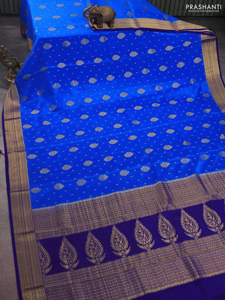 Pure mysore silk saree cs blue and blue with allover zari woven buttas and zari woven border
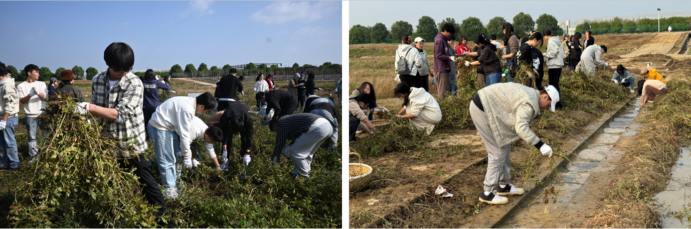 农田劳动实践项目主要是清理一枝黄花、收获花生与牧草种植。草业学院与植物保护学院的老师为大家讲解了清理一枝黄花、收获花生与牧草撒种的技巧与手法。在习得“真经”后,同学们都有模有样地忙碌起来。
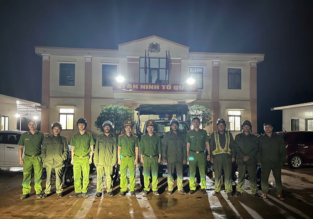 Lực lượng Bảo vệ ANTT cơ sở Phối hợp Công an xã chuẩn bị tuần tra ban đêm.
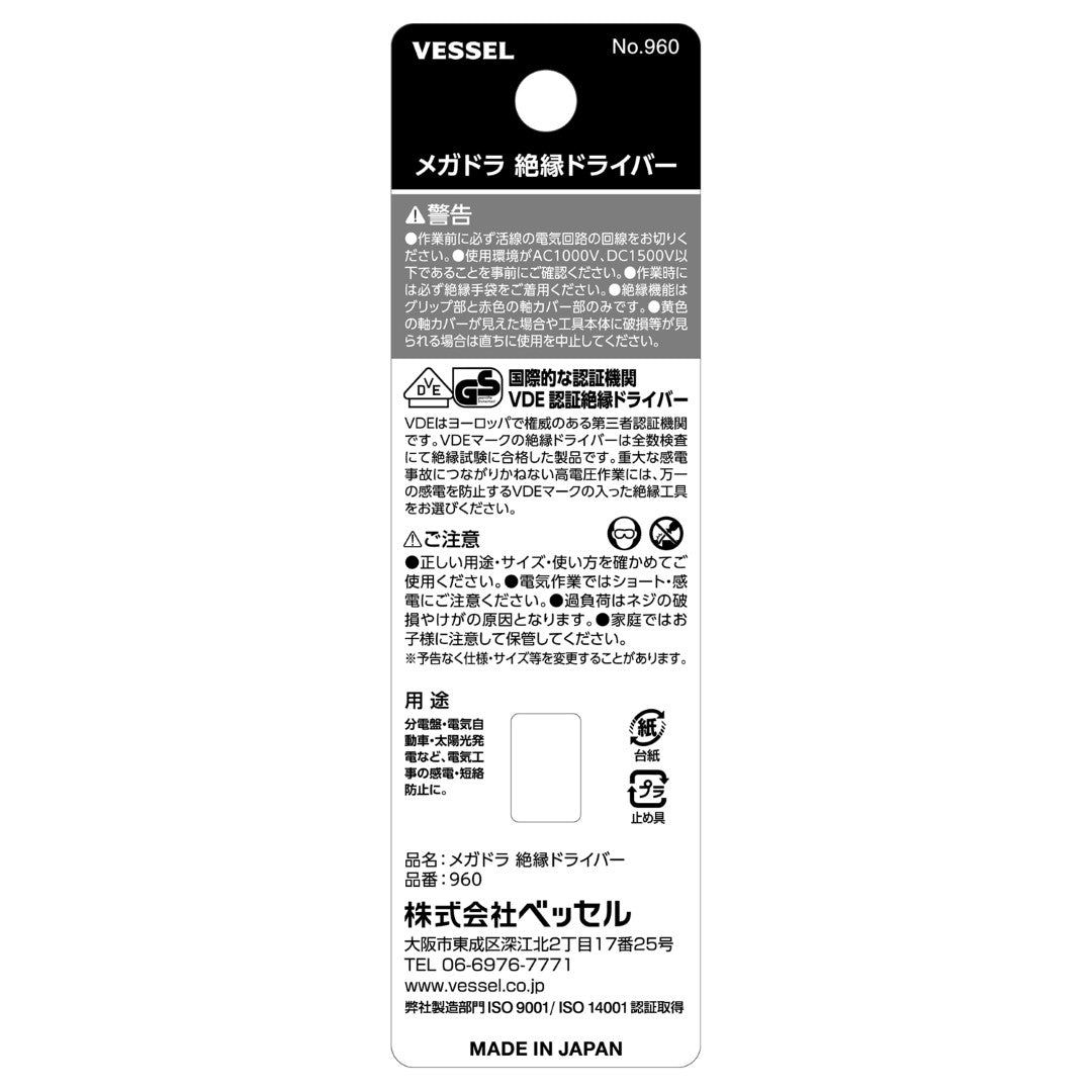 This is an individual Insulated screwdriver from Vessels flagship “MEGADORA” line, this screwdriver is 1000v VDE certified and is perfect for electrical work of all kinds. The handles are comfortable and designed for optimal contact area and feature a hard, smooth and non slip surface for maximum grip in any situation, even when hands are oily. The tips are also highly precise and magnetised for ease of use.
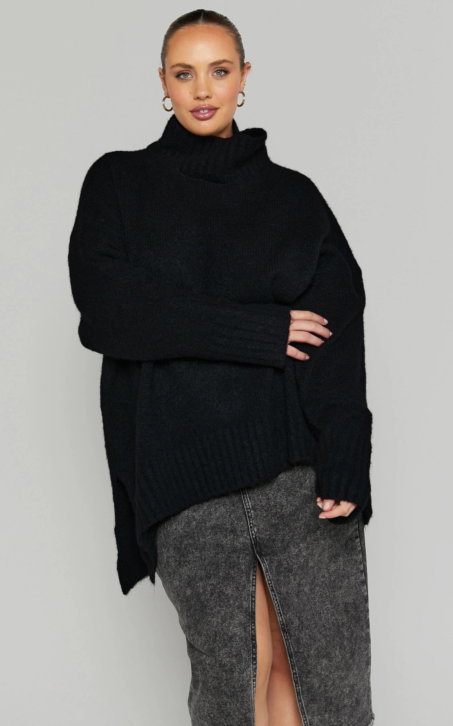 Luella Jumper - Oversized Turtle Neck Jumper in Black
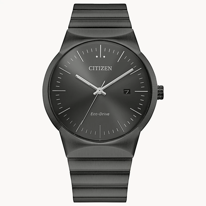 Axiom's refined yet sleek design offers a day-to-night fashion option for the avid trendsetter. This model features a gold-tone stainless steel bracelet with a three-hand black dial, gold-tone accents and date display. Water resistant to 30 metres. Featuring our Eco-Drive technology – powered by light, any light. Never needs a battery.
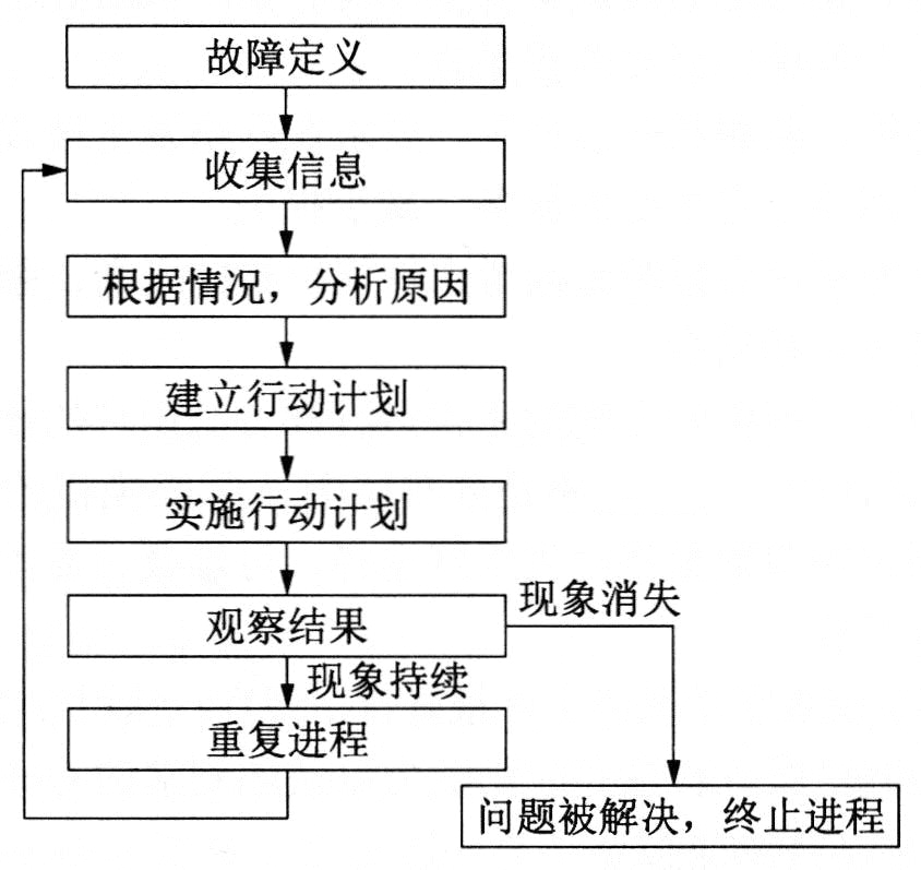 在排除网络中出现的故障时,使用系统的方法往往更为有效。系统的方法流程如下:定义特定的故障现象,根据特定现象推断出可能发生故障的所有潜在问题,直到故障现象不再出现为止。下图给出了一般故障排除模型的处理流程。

▸ Exercise description: Now repeat exactly the lines from the one with "Axiom's refined yet" through the end of the listing above, both included, omitting all pictures.

▸ Response:
 Axiom's refined yet sleek design offers a day-to-night fashion option for the avid trendsetter. This model features a gold-tone stainless steel bracelet with a three-hand black dial, gold-tone accents and date display. Water resistant to 30 metres. Featuring our Eco-Drive technology – powered by light, any light. Never needs a battery.
 在排除网络中出现的故障时,使用系统的方法往往更为有效。系统的方法流程如下:定义特定的故障现象,根据特定现象推断出可能发生故障的所有潜在问题,直到故障现象不再出现为止。下图给出了一般故障排除模型的处理流程。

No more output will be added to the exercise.